Temperature of the air
Relative humidity
Atmospheric pressure

At 1 kHz in typical conditions, air absorption might be around 5–6 dB/km. At 8 kHz, it can exceed 70 dB/km. For short distances (under ~100 m), air absorption is usually negligible compared to geometric spreading, but over hundreds of meters or more, it becomes a major factor.

Ground effects on sound reflection

The ground surface between source and receiver significantly shapes what you hear. Sound reaches a listener via two paths: the direct path through the air and a reflected path off the ground. These two arrivals interfere with each other.

Hard, reflective surfaces (concrete, asphalt) reinforce sound levels because most of the reflected energy is preserved. The direct and reflected waves can add constructively, boosting levels by up to 6 dB near the surface.
Soft, porous surfaces (grass, soil, loose earth) absorb sound energy on reflection, reducing the strength of the reflected wave and often creating a destructive interference dip at certain frequencies.

The ground effect is most prominent at low frequencies and at near-grazing incidence angles, where the sound path skims close to the surface. This is why the frequency content of traffic noise can sound noticeably different over a grassy field versus a parking lot.

Atmospheric refraction from temperature gradients

Temperature changes with altitude bend sound waves, a process called refraction. Sound travels faster in warmer air, so the speed of sound varies with height, curving the wavefronts.

Normal daytime conditions (lapse): Temperature decreases with altitude. Sound waves curve upward, creating shadow zones at ground level where sound levels drop significantly.
Temperature inversions (common at night): Temperature increases with altitude. Sound waves curve downward, channeling acoustic energy along the ground and producing enhanced noise levels at distant locations.

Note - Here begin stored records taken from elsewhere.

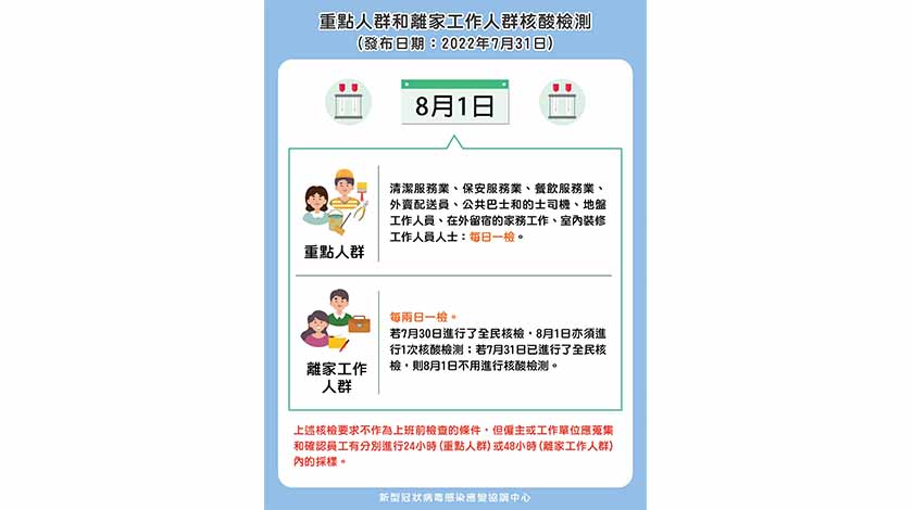 當中離家工作人群按當局此前版本是至七月廿九日。中心指,若有關人士在前天(三十日)做全民核檢,那須在今再做一次核檢;若是在三十一日做的,則今不用再做。當局此前指,在之後「穩定期」離家工作人群要三天一檢。
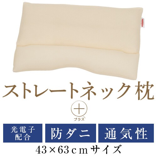 ストレートネック 枕 プラス 送料無料 43×63 cm サイズ 高さ調節 洗える 防ダニ アレルギー 抗菌 防臭 光電子 パイプ 通気性 まくら 首 首こり 肩 肩こり 日本
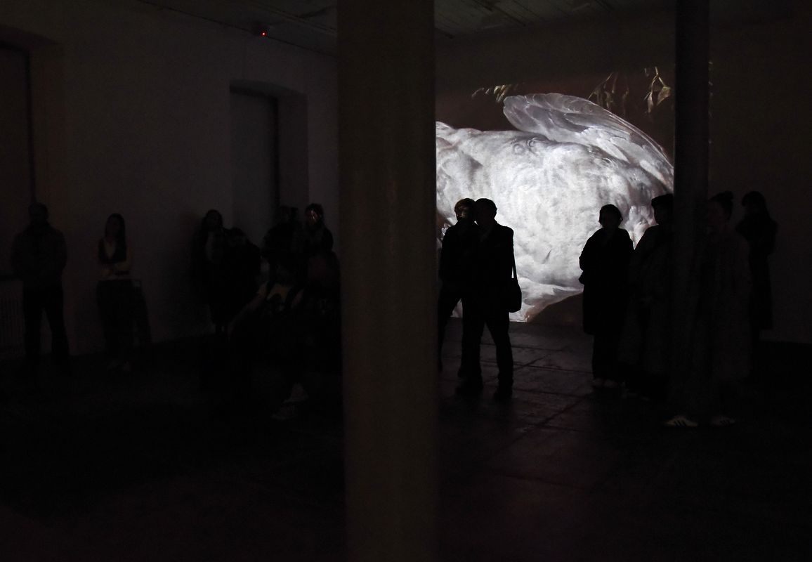 Sama izložba, kaže, okuplja u velikim izložbenim dvoranama izložena četiri rada – “imerzivne audiovizualne instalacije koje stvaraju poetike i politike pokretnih slika između dokumentarnog i izvedbenog”.

The degree of bending depends on the effective sound speed gradient $\frac{dc}{dz}$ , where $c$ is the speed of sound and $z$ is altitude. A positive gradient (speed increasing with height) causes upward refraction; a negative gradient causes downward refraction.

Temperature inversions explain why you can sometimes hear distant trains or highway noise clearly at night but not during the day.

Influence of wind speed and direction

Wind alters the effective speed of sound because wind speed typically increases with altitude. This creates a velocity gradient that refracts sound waves, similar to temperature effects.

Downwind (wind blowing from source toward receiver): The wind speed gradient adds to the sound speed at higher altitudes, curving waves downward. Sound levels at the receiver increase.
Upwind (wind blowing from receiver toward source): The gradient curves waves upward, creating shadow zones and reducing sound levels at the receiver.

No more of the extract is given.